Ensure encoding is Unicode UTF-8 when no locale is defined #7

pombredanne · 2017-09-19T16:11:17Z

this fixes an issue when no locale is defined on Linux
and the filesystem encoding is ASCII. By forcing the encoding used
for filesystem-realted encode/decode in this case we can use
proper surrogatescape encoding and marshall bytes to unicode and back
mostly the same way Python 3 does it.
see Normalize filesystemencoding codec name #4 for a detailed discussion and UnicodeDecodeError backtrace during scan aboutcode-org/scancode-toolkit#688 for some of the issues that motivated this patch

Signed-off-by: Philippe Ombredanne pombredanne@nexb.com

* this fixes an issue when no locale is defined on Linux and the filesystem encoding is ASCII. By forcing the encoding used for filesystem-realted encode/decode in this case we can use proper surrogatescape encoding and marshall bytes to unicode and back mostly the same way Python 3 does it. Signed-off-by: Philippe Ombredanne <pombredanne@nexb.com>

pombredanne · 2017-09-19T16:12:08Z

@sschuberth ping, FYI.

codecov · 2017-09-19T16:15:11Z

Codecov Report

Merging #7 into master will decrease coverage by 69.36%.
The diff coverage is 61.29%.

@@             Coverage Diff             @@
##           master       #7       +/-   ##
===========================================
- Coverage   95.83%   26.47%   -69.37%     
===========================================
  Files           5        5               
  Lines         168      680      +512     
  Branches       26      115       +89     
===========================================
+ Hits          161      180       +19     
- Misses          4      490      +486     
- Partials        3       10        +7

Impacted Files	Coverage Δ
src/backports/os.py	`13.58% <28.57%> (-80.01%)`	⬇️
tests/test_os.py	`75.67% <70.83%> (-10.04%)`	⬇️
tests/test_helpers.py	`95.83% <0%> (-4.17%)`	⬇️

Continue to review full report at Codecov.
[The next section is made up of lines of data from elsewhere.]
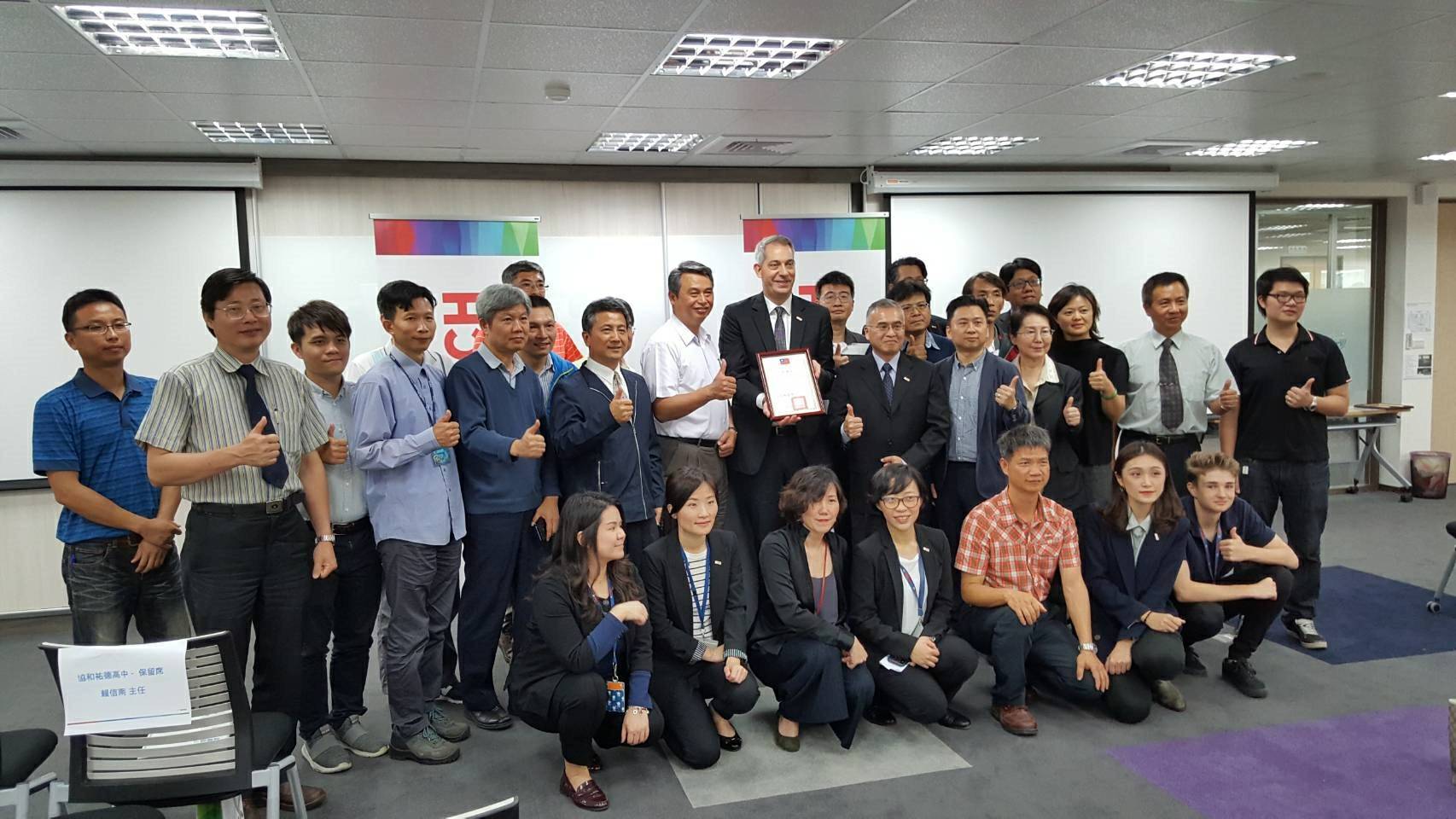 教育局彭局長並邀請速聯股份有限公司廠長林孟輝及副理陳世杰,擔任技術及職業教育中心業界諮詢專家,希望透過企業分享技職理念,提供學生選讀技職教育參考,也傳承職前及在職訓練經驗,做為台中市發展產學人才培育模式的基礎。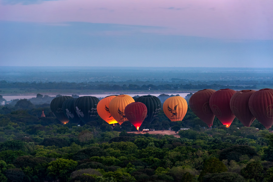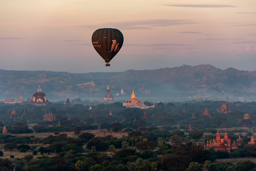 在蒲甘的最后一天清晨,我们到了一处高地拍日出,霞光把雾染成金黄色的轻纱,披在塔身。热气球升起后,有的高高飘在蒲甘平原的上空,有的低低掠过灌木草丛中数不尽的佛塔。我们附近的塔无从知其姓名,按珠珠的说法,是草根佛塔,它们数量最多,散落在蒲甘芒草遍地、雾尘弥漫的大平原上。也许每座塔都有一个故事,也许每座塔都是一个期盼,却再也不会有人知晓。仍然,当万籁俱寂的大地慢慢变得明亮,树冠间的薄雾绕着古塔飘荡,群鸟惊飞,我们有种荡涤灵魂的感动。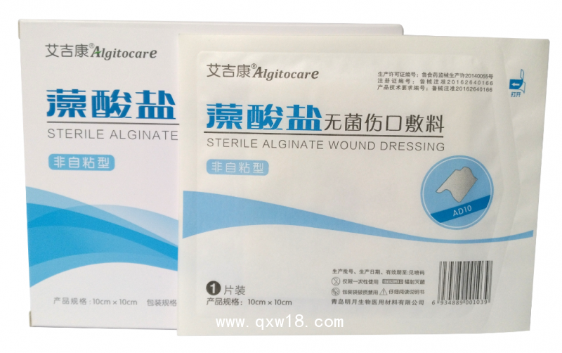 產(chǎn)品簡(jiǎn)介:“艾吉康”藻酸鹽醫(yī)用敷料是一種由褐藻中提取的海藻酸鹽經(jīng)過濕法紡絲、無(wú)紡布加工、切割包裝、滅菌等工藝加工后制成的無(wú)菌醫(yī)用敷料,具有在吸收傷口滲液后形成凝膠的獨(dú)特性能?!鞍怠痹逅猁}醫(yī)用敷料通過為創(chuàng)面提供濕潤(rùn)的愈合環(huán)境加快傷口的愈合,對(duì)難愈性慢性創(chuàng)面的護(hù)理有良好的療效。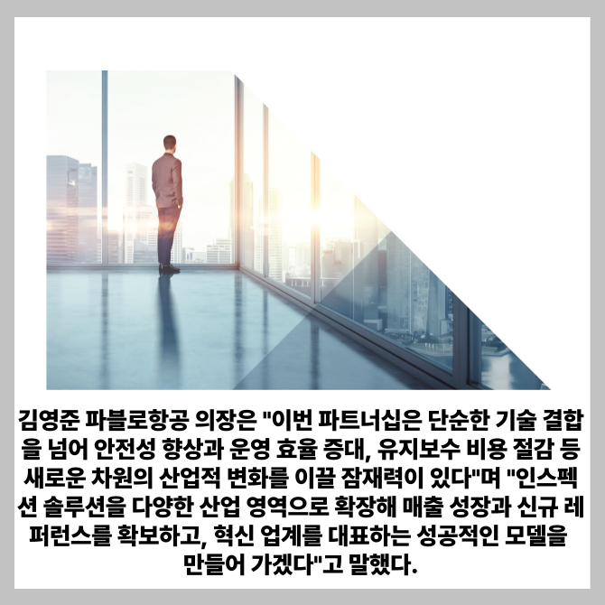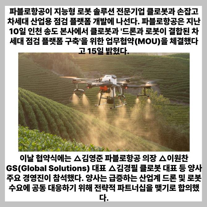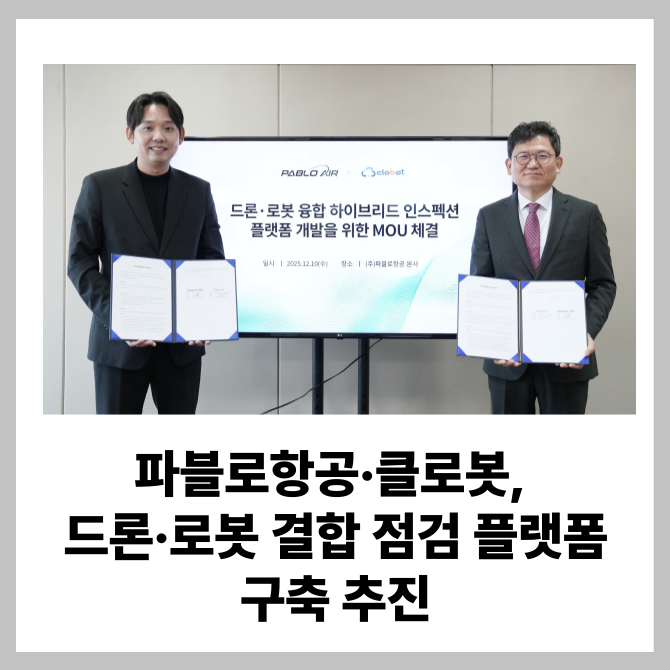 [프라임경제] 파블로항공이 지능형 로봇 솔루션 전문기업 클로봇과 손잡고 차세대 산업용 점검 플랫폼 개발에 나선다고 15일 밝혔다.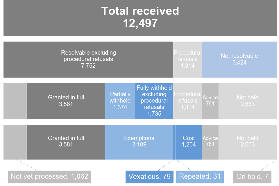 FOI requests that have been refused for being vexatious or repeated, along with those refused on cost grounds are treated and included in these statistics as resolvable requests that have been ‘fully-withheld’. These types of refusals are referred to as ‘procedural refusals’ in these statistics.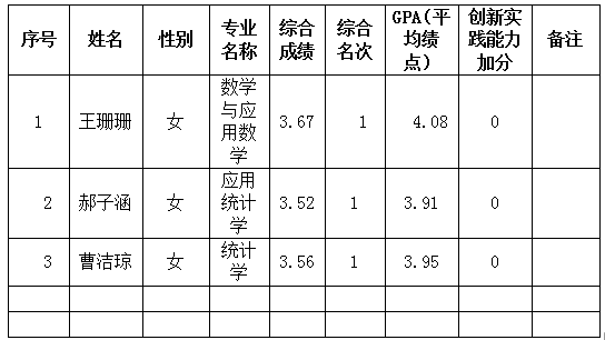 根据《2019年世界杯体育官方网站推荐优秀应届本科毕业生免试攻读硕士学位研究生工作方案》,世界杯官网成立推免生工作小组,对学生提交的相关证明材料,进行认真审核、计算,最终确定世界杯官网统计学、应用统计学、数学与应用数学专业推荐名单。现公示如下: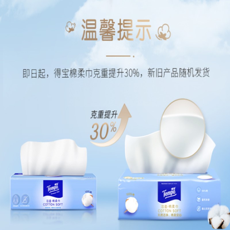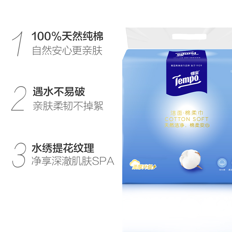 商品名称:【克重升级】Tempo/得宝棉柔巾纯棉干湿两用加厚柔软洗脸90抽*3包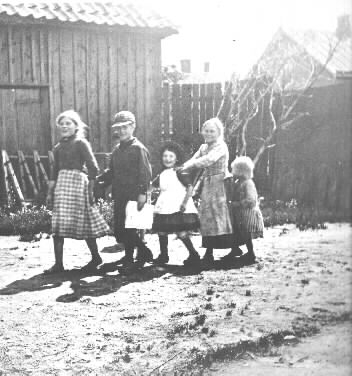 Skolbarn leker på "stigen" vid Fältstöms. "Lyckans stig" bakom Fältstöms plank. Huset i bakgrunden troligen Lindwalls hus, f.d. 126 b, Låset 2, Brännungen 14. Det enda "original" som vi lyckats att finna är en spegelvänd kopia (se texten på tidningen, Falkenbergs Tidning), jämför även omgivningar med bild nr. 00044. Bilden är nu reprofotograferad vilket medfört att vi erhållit ett spegelvänt negativ, vilket noga bör observeras vid kopiering. Enligt uppgift lär glasplåten finnas på Halmstads museum.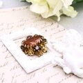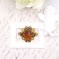 フランスで買い付けた、アンバーカラーのガラスストーンを主役にしたヴィンテージブローチです。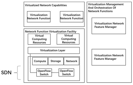 NFV and SDN come from the same technical basis [28]. SDN and NFV are independent of each other and do not necessarily depend on each other, but they can promote the flexibility of each other’s deployment. The effective combination of SDN and NFV will reduce the dependence on network physical components that improve the security prospect [29]. Its framework is shown in Figure 2.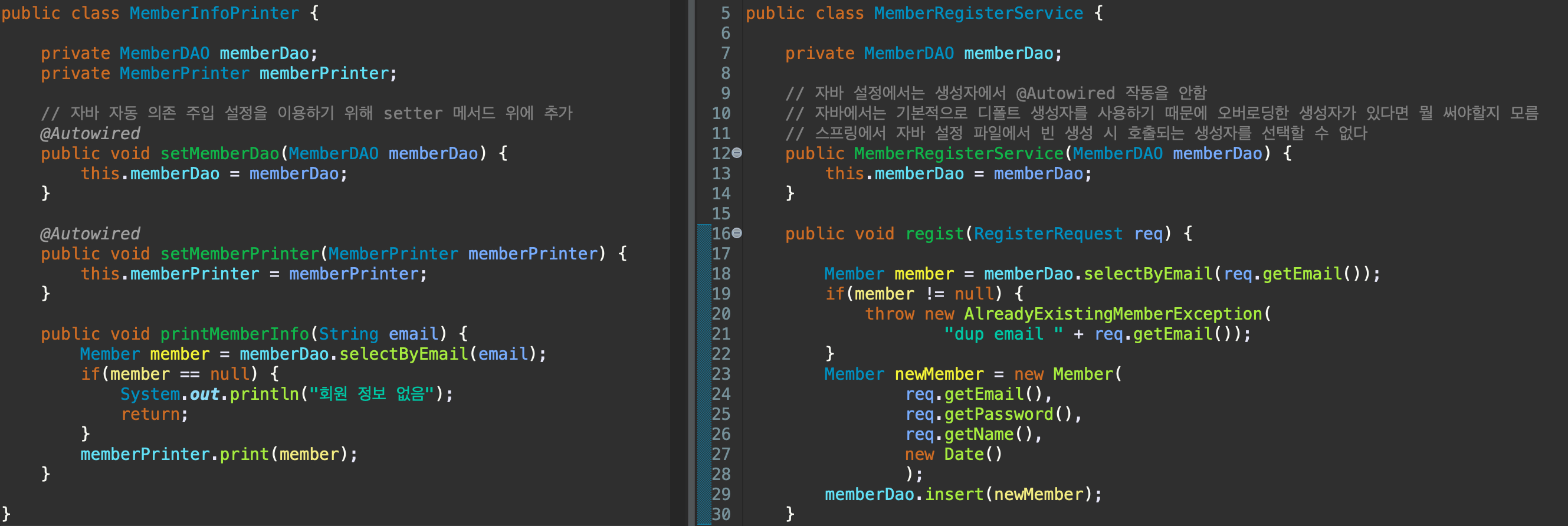 자동 주입은 @Autowired 어노테이션을 사용했던 것 기억하지?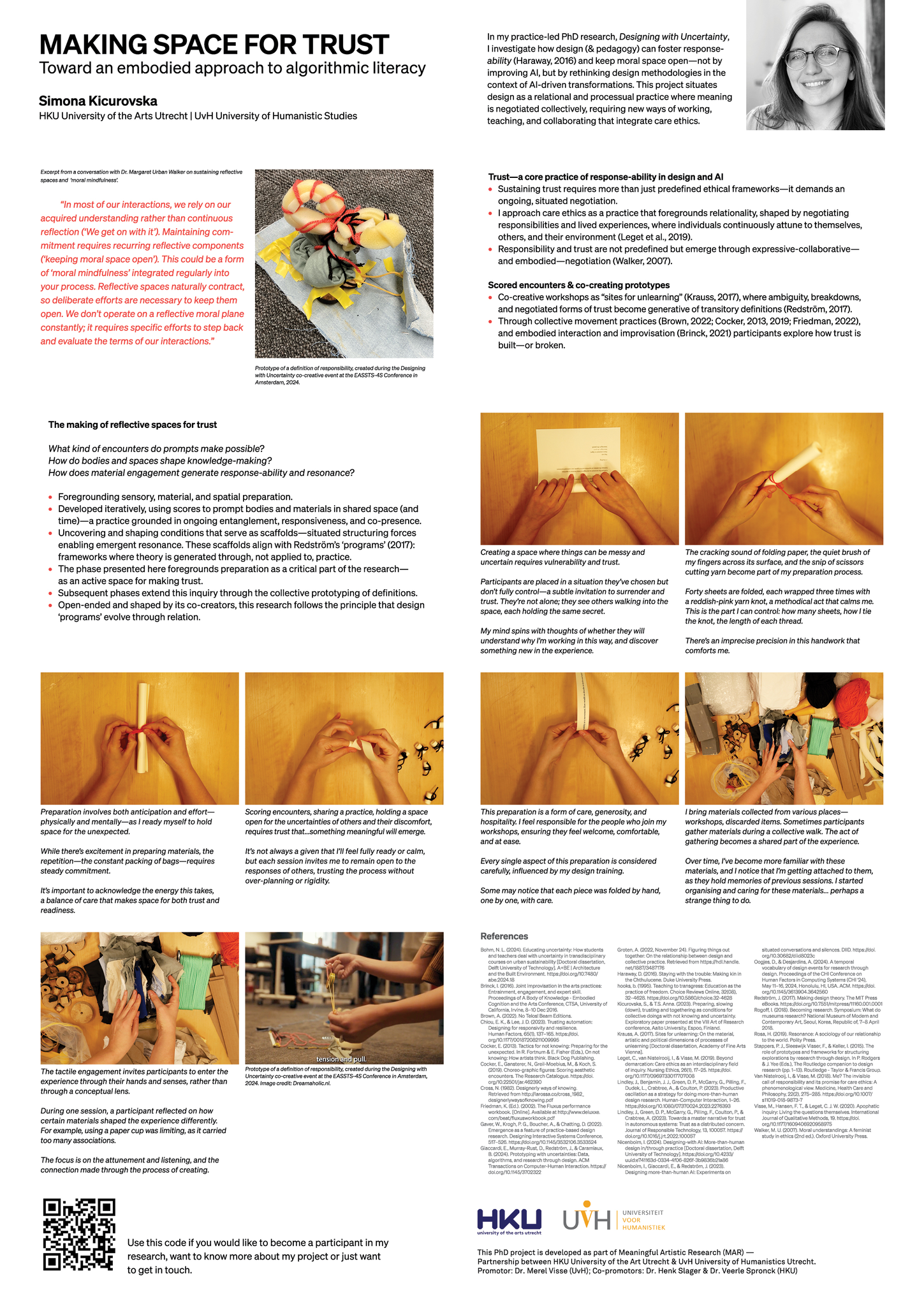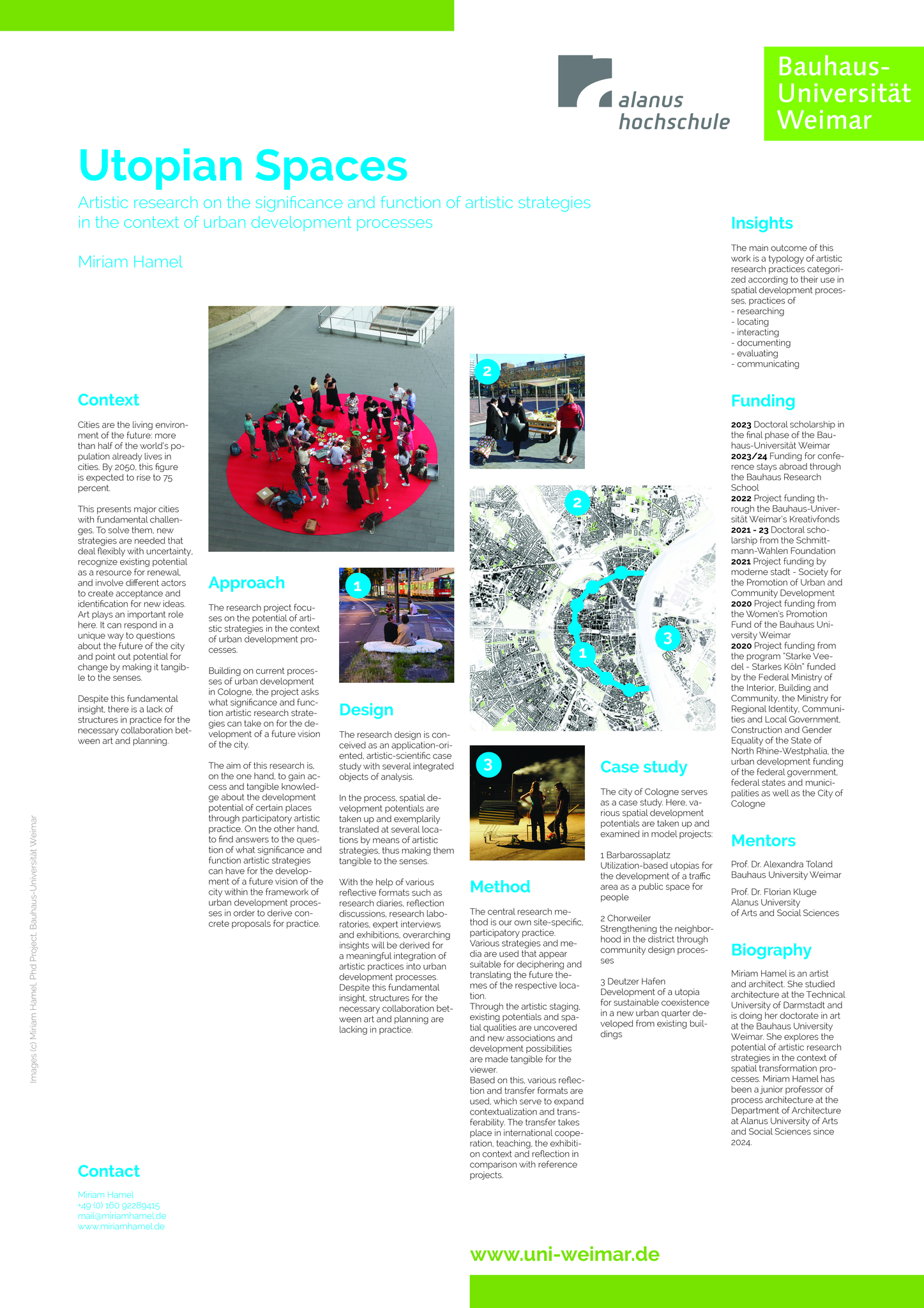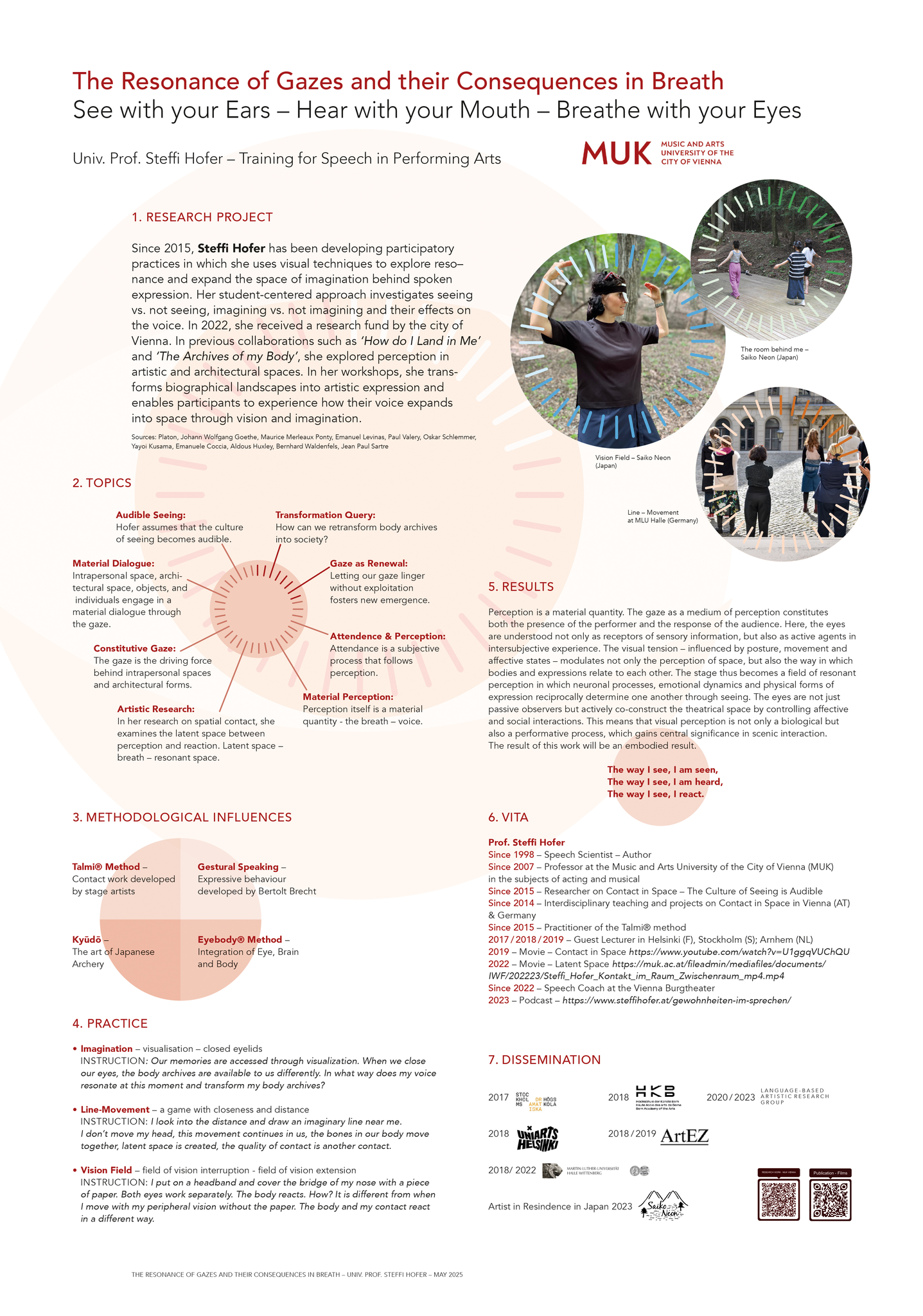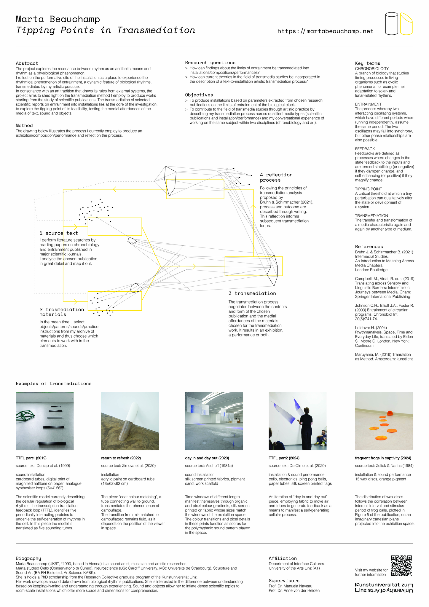 Resonance: The past decade witnessed the appearance of new debating spaces in artistic research. At a time when art and culture, local and global policies, and events are haunted by societal challenges as vast as they are unpredictable, what can artistic researchers offer in response to these concerns? How can artistic research resonate beyond its specific contexts and disciplinary borders? Resonance is a prompt to address the transformative nature of artistic research as a connective element that evokes a response and qualifies our experiences as meaningful. However, it can also be understood as a critical tool characterizedcharacterised by reciprocity and mutual transformation. Resonance is a response to personal and societal challenges both poetically and through modes of political imagination and transformative meeting spaces. Getting into resonance is to create a relation between artistic research and the world that requires questioning and answering, but also the ability to change and be changed.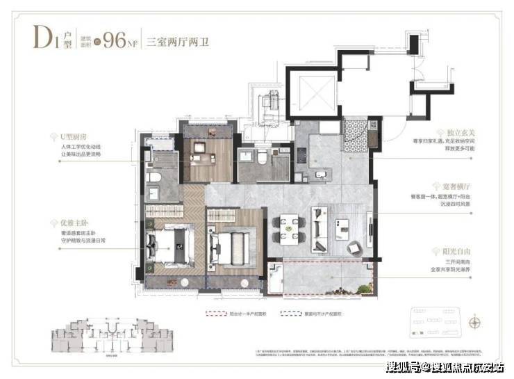 项目建面约103㎡3房同样是 三开间+大横厅 的布局,但尺度上更进一步。而且灵动空间更多, 全屋飘窗+南向观景阳台 ,提升性价比的同时也增强户型对外的延展性。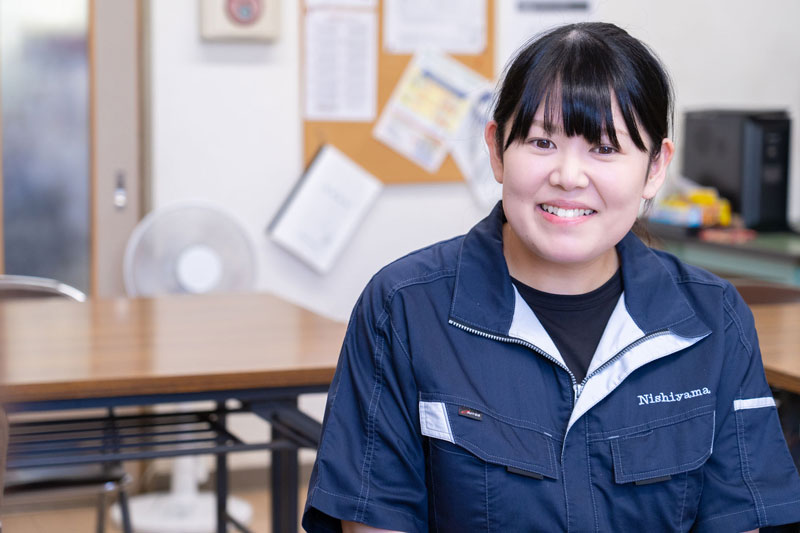 西山工機では未経験で入社した女性の先輩がいらしたのので、「女性でもできるんだ!」とチャレンジすることを決めました。

Legend - Click here to learn more
Δ = absolute <relative> (impact), ø = not affected, ? = missing data
Powered by Codecov. Last update 848c092...6024baa. Read the comment docs.

pombredanne · 2017-09-19T16:36:51Z

@pjdelport not sure why the code coverage is going down... since I added more tests. Probably a quirk in codecov and the fact that test without a locale/ascii fs encoding run in a subprocess.

* see PiDelport/backports.os#7 for details Signed-off-by: Philippe Ombredanne <pombredanne@nexb.com>

PiDelport · 2017-09-19T23:37:30Z

@pombredanne: Thank you for this update!

I investigated this further, and I think I found the root problem: it actually seems to be a bug (or at least an incompatibility) in how Python 2's ASCII codec calls the surrogateescape error handler.

This bug can be reproduced independently of locale:

On Python 2, surrogateescape encodes surrogates for low bytes to ASCII as expected; however, as soon as it encodes surrogates for high bytes, the ASCII codec seems to disregard the result of surrogateescape, and fail anyway:

$ python2.7 -c "import backports.os; print(repr(u'\udc7f'.encode('ascii', 'surrogateescape')))"
'\x7f'

$ python2.7 -c "import backports.os; print(repr(u'\udc80'.encode('ascii', 'surrogateescape')))"
UnicodeEncodeError: 'ascii' codec can't encode character u'\udc80' in position 0: ordinal not in range(128)

(I added instrumentation to the latter case to verify that surrogateescape is actually being called, and is correctly returning \x80.)

On Python 3, by contrast, the ASCII codec just uses the result of surrogateescape as expected:

$ python3.6 -c "print(repr(u'\udc7f'.encode('ascii', 'surrogateescape')))"
b'\x7f'

$ python3.6 -c "print(repr(u'\udc80'.encode('ascii', 'surrogateescape')))"
b'\x80'

PiDelport · 2017-09-19T23:50:28Z

Given the above, I don't think this PR is the right fix: it avoids the bug, but it does so by re-interpreting a filesystem encoding of ascii as utf-8, which actually changes what gets encodes to and from compared to Python 3 on ascii.

However, I implemented a fix for the bug described above in #8: can you check that out, and see if it works for you?

pombredanne · 2017-09-20T04:42:43Z

@pjdelport You are my new unicode star!

sschuberth · 2017-09-20T06:18:29Z

Thanks all! So, I believe we're good to close this unmerged as @pombredanne confirmed that #8 works.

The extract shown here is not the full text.